* **What is being asked**:
Provide again, from the entries below, every line from the one containing "Kaza, Denizli’nin Pamukkale" through the one containing "中福会幼儿园教师团队徐豪俊、", exactly as written, and no other line.

* **Supplied records**:
◇ ◇ ◇ ◇ ◇ ◇ ◇

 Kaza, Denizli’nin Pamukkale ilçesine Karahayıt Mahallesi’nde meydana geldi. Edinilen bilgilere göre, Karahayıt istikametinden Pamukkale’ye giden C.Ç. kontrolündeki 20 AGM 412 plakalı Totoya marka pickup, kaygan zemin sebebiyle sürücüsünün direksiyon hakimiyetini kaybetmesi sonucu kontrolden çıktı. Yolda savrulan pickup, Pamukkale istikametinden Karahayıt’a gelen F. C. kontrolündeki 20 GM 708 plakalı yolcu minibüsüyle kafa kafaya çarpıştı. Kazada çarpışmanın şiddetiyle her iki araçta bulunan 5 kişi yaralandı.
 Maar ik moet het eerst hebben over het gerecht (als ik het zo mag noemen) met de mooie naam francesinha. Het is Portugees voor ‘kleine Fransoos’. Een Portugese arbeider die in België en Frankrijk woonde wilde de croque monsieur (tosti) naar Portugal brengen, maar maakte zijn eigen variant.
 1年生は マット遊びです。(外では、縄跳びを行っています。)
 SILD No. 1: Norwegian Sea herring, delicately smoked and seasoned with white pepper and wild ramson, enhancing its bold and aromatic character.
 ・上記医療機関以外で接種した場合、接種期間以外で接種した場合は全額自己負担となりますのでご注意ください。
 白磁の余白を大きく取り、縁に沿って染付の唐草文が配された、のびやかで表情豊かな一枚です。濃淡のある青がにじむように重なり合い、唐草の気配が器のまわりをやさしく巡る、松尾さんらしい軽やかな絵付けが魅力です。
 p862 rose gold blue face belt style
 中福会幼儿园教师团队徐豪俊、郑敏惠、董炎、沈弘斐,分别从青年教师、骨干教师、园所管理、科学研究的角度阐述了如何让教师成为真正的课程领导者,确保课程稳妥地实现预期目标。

◇ ◇ ◇ ◇ ◇ ◇ ◇

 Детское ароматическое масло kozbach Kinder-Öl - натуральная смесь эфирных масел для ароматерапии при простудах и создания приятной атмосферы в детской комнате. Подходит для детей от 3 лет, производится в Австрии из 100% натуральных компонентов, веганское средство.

◇ ◇ ◇ ◇ ◇ ◇ ◇

* **Written response**:
 Kaza, Denizli’nin Pamukkale ilçesine Karahayıt Mahallesi’nde meydana geldi. Edinilen bilgilere göre, Karahayıt istikametinden Pamukkale’ye giden C.Ç. kontrolündeki 20 AGM 412 plakalı Totoya marka pickup, kaygan zemin sebebiyle sürücüsünün direksiyon hakimiyetini kaybetmesi sonucu kontrolden çıktı. Yolda savrulan pickup, Pamukkale istikametinden Karahayıt’a gelen F. C. kontrolündeki 20 GM 708 plakalı yolcu minibüsüyle kafa kafaya çarpıştı. Kazada çarpışmanın şiddetiyle her iki araçta bulunan 5 kişi yaralandı.
 Maar ik moet het eerst hebben over het gerecht (als ik het zo mag noemen) met de mooie naam francesinha. Het is Portugees voor ‘kleine Fransoos’. Een Portugese arbeider die in België en Frankrijk woonde wilde de croque monsieur (tosti) naar Portugal brengen, maar maakte zijn eigen variant.
 1年生は マット遊びです。(外では、縄跳びを行っています。)
 SILD No. 1: Norwegian Sea herring, delicately smoked and seasoned with white pepper and wild ramson, enhancing its bold and aromatic character.
 ・上記医療機関以外で接種した場合、接種期間以外で接種した場合は全額自己負担となりますのでご注意ください。
 白磁の余白を大きく取り、縁に沿って染付の唐草文が配された、のびやかで表情豊かな一枚です。濃淡のある青がにじむように重なり合い、唐草の気配が器のまわりをやさしく巡る、松尾さんらしい軽やかな絵付けが魅力です。
 p862 rose gold blue face belt style
 中福会幼儿园教师团队徐豪俊、郑敏惠、董炎、沈弘斐,分别从青年教师、骨干教师、园所管理、科学研究的角度阐述了如何让教师成为真正的课程领导者,确保课程稳妥地实现预期目标。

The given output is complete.